Discovered by Wren Library archivist Adam Green in the papers of Elizabeth’s father, the banker Dawson Turner, the letter attracted national and international media coverage, including by the BBC.

As the bicentenary year of the poet’s death ends, here is a reminder of recordings and publications from Trinity’s Byron Festival.

Actor & alumnus Pip Torrens prepares for the Byrothon.

You can watch parts of The Byrothon – a 24-hour reading of Byron’s works by students, staff, Fellows and alumni in the College’s Antechapel.

The Byrothon’s opening session, features actor and alumnus Pip Torrens.

The ‘Byrencore’ features the highlights of the Byrothon.

Two of poet’s most well-known works are also available: When We Two Parted and The Destruction of Sennacherib.

Emeritus Professor Adrian Poole, co-organiser of the Byron Festival at Trinity, is editor of Byron and Trinity: Memorials, Marbles and Ruins, which is free to download from Open Book Publishers.

Dr Anne Toner, co-organiser of the Byron Festival, is editing, with Dr Marc Gotthardt and Dr Dan Sperrin, a publication of academic papers and new poems, Byron Now: Bicentenary Perspectives. This will be published in due course by Open Book Publishers.
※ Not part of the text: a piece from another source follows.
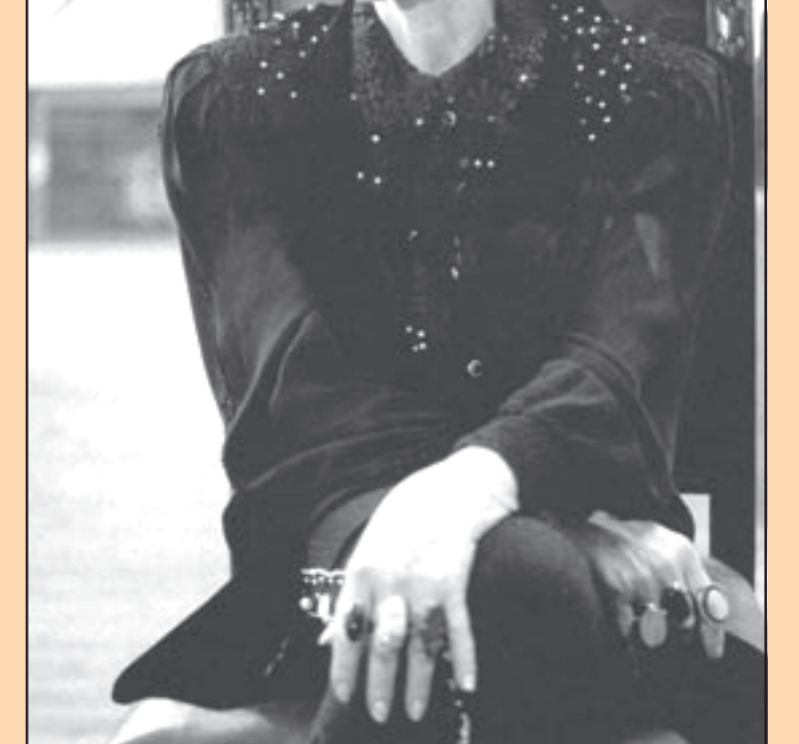
„სიზმრები საქართველოზე“ (ამონარიდი წერილიდან) ალერსიანი, კეთილი სიტყვა უთქვამთ, და არა მხოლოდ ჩემთვის, სხვებისთვისაც, რაც უფრო მნიშვნელოვანია. ო დმერთო, - ვწერ მე, - შენ დათვარე რედაქციის ეს კუთხე და ყველაფერი, რასაც გნებავთ, დღე ვიცი, და ისიც, რის ვაგებაც არ გვიოწყობა. არასოდეს მისცემოდეს დავიწყებას სახელები, ეს ლექსები რომ ეძღვნება.“

იმ საღამოს ულამაზესი ლექსების ამწვინდა თუ შემთხზველად რიგში ვისხებილი, საპატიო ადგილებზე თუქცა ბელა ვერ ვგვხვდებოდა. თვალისხიმი უკვე წართმეული ჰქონდა... კითხულობდა თავისი განუმეორებელი ხმით თავისივე საოცარი ლექსებს, ხანდახან თუ ჩაენინებოდა ხელოვნების რომელიმე გამოჩენილი მოღვაწე მასსაღმებელი სიტყვით.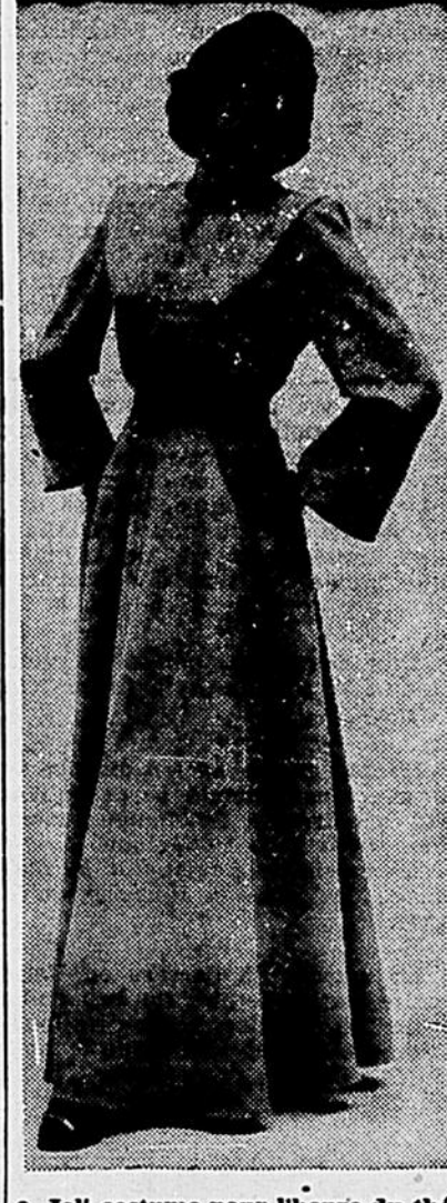
Joli costume pour l'heure du thé.

Trinity Fellow in Linguistics, Professor Napoleon Katsos, convened an event, under the auspices of the Cambridge Centre for Greek Studies, exploring Byron’s contribution to the foundation of the modern Greek state and his legacy in Greek literature and the arts. Professor Katsos also organised the bicentenary wreath laying by a Greek delegation at Byron’s statue in the Wren Library .

Meanwhile Trinity College contributed to the Byron Society’s fund to raise money to move the poet’s Grade II listed memorial from what is now a traffic island on Park Lane to a location near Hyde Park’s Victoria Gate.

The Byron Society has received a National Lottery Heritage Fund award for the relocation, which will take place in 2026.

An impression of the memorial after it is relocated. Image: Donald Insall Associates/The Byron Society

Byron is famous for many things: in Cambridge he is most well-known for keeping a pet bear at Trinity. One aim of Trinity’s Byron Festival was to encourage awareness of the breadth and vitality of Byron’s  writing – as Professor Poole says, ‘there is definitely more to Byron than his bear.’

‘Bringing to life his work as part of the bicentenary commemoration has been a privilege. I hope that readers will continue to engage with his inspiring and provocative work for years to come,’ he said.